I encountered a few divergent transitions after warmup (<10 across different attempts). Note that the model with the animal-specific intercepts had a better loo log-likelihood as compared to a population-effects only model.

                                                         LOOIC     SE
post_DT_lognormal_mixeff_int_only                     69595.29 312.75
post_DT_lognormal                                     70063.17 304.59
post_DT_lognormal_mixeff_int_only - post_DT_lognormal  -467.88  45.17

When looking at pairs(post_DT_lognormal_mixeff_int_only) () we see that the sd_AnimalID_Intercept term introduces a complex geometry with the other parameters (second column from right). If I understand correctly, brms implements a non-centered parametrization so this is probably not the problem.

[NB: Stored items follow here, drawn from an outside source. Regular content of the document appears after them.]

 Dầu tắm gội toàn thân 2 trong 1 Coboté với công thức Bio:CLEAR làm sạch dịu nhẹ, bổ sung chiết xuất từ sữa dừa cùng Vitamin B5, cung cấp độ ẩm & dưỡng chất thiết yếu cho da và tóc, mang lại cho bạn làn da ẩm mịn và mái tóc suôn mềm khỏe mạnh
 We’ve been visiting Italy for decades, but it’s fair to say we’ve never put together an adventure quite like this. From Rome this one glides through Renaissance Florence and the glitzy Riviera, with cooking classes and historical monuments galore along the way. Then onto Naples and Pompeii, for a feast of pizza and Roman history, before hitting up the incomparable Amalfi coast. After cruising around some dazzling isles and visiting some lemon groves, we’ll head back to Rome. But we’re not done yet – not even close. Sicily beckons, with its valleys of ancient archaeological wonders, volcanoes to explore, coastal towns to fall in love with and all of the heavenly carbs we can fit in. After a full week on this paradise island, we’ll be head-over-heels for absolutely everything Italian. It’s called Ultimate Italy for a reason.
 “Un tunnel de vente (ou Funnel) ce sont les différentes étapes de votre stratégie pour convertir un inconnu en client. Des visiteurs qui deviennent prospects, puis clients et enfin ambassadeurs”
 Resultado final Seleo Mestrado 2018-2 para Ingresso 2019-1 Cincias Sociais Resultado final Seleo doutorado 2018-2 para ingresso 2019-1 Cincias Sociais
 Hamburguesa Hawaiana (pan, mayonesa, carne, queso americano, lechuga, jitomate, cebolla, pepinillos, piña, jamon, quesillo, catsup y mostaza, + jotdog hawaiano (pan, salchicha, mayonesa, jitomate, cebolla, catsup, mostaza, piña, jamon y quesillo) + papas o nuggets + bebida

And this isn’t solved when I try the other families that I mentioned above; It persists even when the model is in the simplified hierarchical form: formula = DwellTime ~ 1 + (1 | AnimalID), and moreover, when I trimmed outlier observations as well (and we wouldn’t like to throw these observations in any case).
Note also that when I log the data, it doesn’t look like a classic normal distribution, so not sure whether the log-normal distribution is the best here.

Similarly and as expected, when I introduce even more complexity and add animal-specific CueID coefficients:

post_DT_lognormal_mixeff <- brm(formula = DwellTime ~ CueID + (CueID || AnimalID),
                                         data = big_dframe, family = lognormal(), warmup = 2000,
                                         iter = 3000, chains = 4, control = list(adapt_delta = 0.99, max_treedepth = 15))

I get 3 divergent transitions after warmup and similar geometric issues. Again, the model does a better job than the varying-intercepts model and ideally I would prefer it.

                                                                LOOIC     SE
post_DT_lognormal_mixeff                                     69460.41 313.12
post_DT_lognormal_mixeff_int_only                            69595.29 312.75
post_DT_lognormal_mixeff - post_DT_lognormal_mixeff_int_only  -134.88  22.25

Do you have any suggestions?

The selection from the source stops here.